Meili tersenyum saat memperkenalkan dirinya—dia adalah gadis yang sangat berperilaku baik. Dia langsung menjawab setiap kali ada yang berbicara kepadanya, tetapi dia tidak pernah memulai percakapan. Dia memiliki kepribadian yang mirip dengan Meyna, yang memicu naluri Petra sebagai seorang kakak. Dia merasa berkewajiban untuk merawat gadis kecil itu.

“Ikutlah denganku! Aku akan memperkenalkanmu kepada semua orang. Aku Petra! Teman barumu!”

Ketika Petra menyeret Meili yang pemalu kembali ke desa bersamanya, Luca dan yang lainnya dengan cepat menyambutnya ke dalam lingkaran mereka.

Ketika berbicara tentang sesama anak, obrolan singkat saja sudah cukup bagi mereka untuk menjadi sahabat karib. Dalam waktu singkat, Meili menjadi salah satu dari mereka. Di hari yang sama, mereka berlari mengelilingi desa dan saling mengenal lebih baik.

“Tidak apa-apa, kemarilah,” kata Meili membujuk. “Kurasa si kecil ini perempuan…”

“Wah, keren banget, Meili! Kayaknya kamu bisa ngomong sama binatang!”

Yang membuat Petra dan teman-temannya sangat gembira adalah anak anjing yang dijinakkan Meili. Bola bulu berwarna cokelat tua kecil itu berasal dari Meili, dan ia cukup ramah terhadap manusia. Ketika ia melakukan trik-trik atas perintah Meili seolah-olah ia mengerti dengan tepat apa yang dikatakannya, anak-anak terpesona.

“Meili! Besok kita main bareng lagi, oke?!”

Saat matahari terbenam, Petra meremas tangan Meili untuk mengucapkan selamat tinggal karena mereka berjanji untuk bertemu lagi keesokan harinya. Meili mengangguk malu-malu, dan Petra pulang dengan perasaan puas.

“Dengar, aku mendapat teman baru hari ini! Dia sendirian, jadi aku mengajaknya bermain.”

Ketika Petra menceritakan di meja makan tentang hari-harinya, orang tuanya tersenyum hangat dan memujinya. Itu adalah hal lain yang memuaskan ego Petra.

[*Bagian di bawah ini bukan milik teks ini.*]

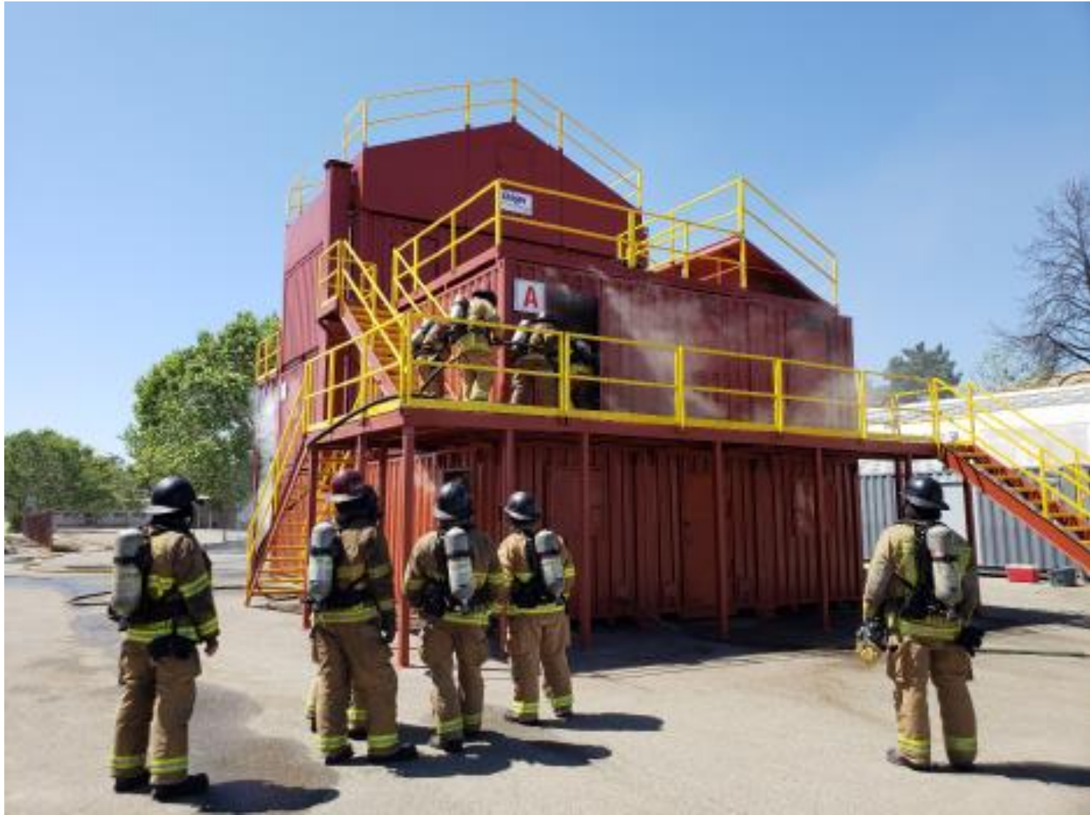
Exhibit D: Burn Simulator

Meili memang gadis yang baik, tetapi Petra -lah yang mengulurkan tangan padanya saat Meili sendirian. Petra tidak hanya cantik, dia juga baik hati. Itu pasti ada artinya. Rasanya dia selangkah lebih dekat ke ibu kota kerajaan.

Dan dengan pikiran-pikiran yang sedikit penuh perhitungan ini menghiasi pipinya yang tersenyum, Petra dengan senang hati tertidur malam itu.

Keesokan harinya, Petra bangun dan pergi bermain seperti biasa. Hari itu tampak seperti hari biasa. Tanpa ia sadari, hari-hari penting terkadang menyamar sebagai hari-hari biasa.

“Aku di sini! Apa yang ingin kamu lakukan hari ini?”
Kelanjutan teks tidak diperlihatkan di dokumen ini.